After the flood: the pioneering architects embracing flood-conscious design

17 April 2018 (Last Updated April 17th, 2018 16:34)

An increase in extreme weather conditions is requiring architects to increasingly take flooding into account in their designs. Elliot Gardner takes a look at some of the projects pioneering in this area, and hears from some of the architects involved in such projects about the best practices for flood-conscious design.

After the flood: the pioneering architects embracing flood-conscious design
“The classic problem when you create flood protection is that you end up creating barriers between the water and the protected area.” Image: C.F. Møller.

Frequent coastal and riverside floods and severe cloudbursts across Europe and America have led to an increased focus on flood-centric design. It’s becoming more and more common for architects and designers to incorporate flood defence, in some capacity, into their structures.

Between 90-100% of climate experts now agree that human-caused global warming is an issue now facing humanity, and a warmer planet means higher sea levels and more extreme weather conditions. In May 2017 scientists claimed that even small increases in sea levels could double the frequency of severe coastal flooding in most parts of the world. Dire news, then, for those towns, cities and structures located on the shoreline.

Embracing the water – C.F. Møller’s Stork Meadow

Storkeengen, or Stork Meadow, from C.F. Møller stands as an example of a city addressing the threat of floods and simultaneously incorporating landscape solutions into wider city developments.

Randers is Denmark’s sixth-largest city and is located on the country’s Jutland peninsula, close to the Gudenå River. Stork Meadow is the first in a series of projects planned in the area in upcoming years, and is part of ‘Climate Ribbon’, a wider initiative with the aim of making the city more resilient against storm surges without the need to create water barriers.

The project is essentially a nature park designed to flood, utilising nearby wetland meadows to handle excess storm water. In addition, routes are planned throughout the town in order to direct rainwater from roofs and roads outside the city to the park, away from key infrastructure.

“The classic problem when you create flood protection is that you end up creating barriers between the water and the protected area. We considered how to overcome this ‘barrier effect’, and decided on turning that wall or dyke into a whole barrier area,” explains C.F. Møller associate partner Lasse Vilstrup Palm. “We wanted to approach flood protection with a much broader view of the problem, keeping in mind all the urban, landscape and nature challenges in the project area.

“The Stork Meadow project is described locally in the press as a nature park that gives back to the city, and not a flood protection project at all.”

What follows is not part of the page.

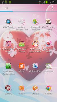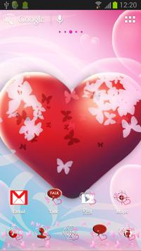 Hình nền chủ đề cho thấy trái tim màu đỏ lớn ở giữa với bướm hồng trên nền màu xanh và màu hồng với màu trắng. Xung quanh là nhỏ hơn trái tim màu trắng trong suốt. Nền của ứng dụng trình đơn chính cũng là trái tim lớn. Mỗi biểu tượng chứa trái tim màu trắng và đỏ trong nền. Một số biểu tượng có Bid thay đổi sang màu đỏ. Trên nền tảng chính-dưới biểu tượng thanh-bay bướm màu hồng. Nếu bạn thích này ứng dụng kiểm tra ứng dụng khác với cùng một motif tương tự.

According to Palm, there has been an intense increase of focus on the flooding issues over recent years, with public programmes looking beyond simply building a wall to keep the water out.

“It’s a basic issue here in Denmark. In low-lying areas it’s something that needs addressing, and wherever possible integrated into natural surroundings, because flood protection takes up a lot of space.”

The Dutch approach – NEXT Architects’ Zalige Bridge

The Netherlands has a long history of incorporating a flood-centric approach into its designs. Around a third of the country is below sea level, and a complex system of dykes and pumps keep the country from flooding. “We have a long history of fighting the water in the Netherlands, as we live in a delta. I think it’s part of our culture to deal with it,” comments founding partner at NEXT Architects Michel Schreinemachers.

As part of the Dutch ‘Room for the River’ programme, an island was created by redirecting water near the city of Nijmegen. NEXT was tasked with the creation of a pedestrian bridge to link up to this new urban river park, which was designated for nature development and recreational use.

The ‘Zalige Bridge’ was designed to celebrate the country’s relationship with the water. Instead of a straight bridge, the designers instead opted for a meandering route, and when the bridge inevitably floods in times of high rainfall or raised river levels, the concrete benches lining the ground-level areas of the bridge instead becomes a series of stepping stones, still providing a route over the water.

“We really wanted to make this more than just a connection to this island,” says Schreinemachers. “The project runners were worried the headlines would report on a bridge that can’t even be used. We said ‘we’ll get you those headlines, but they’ll be positive’.”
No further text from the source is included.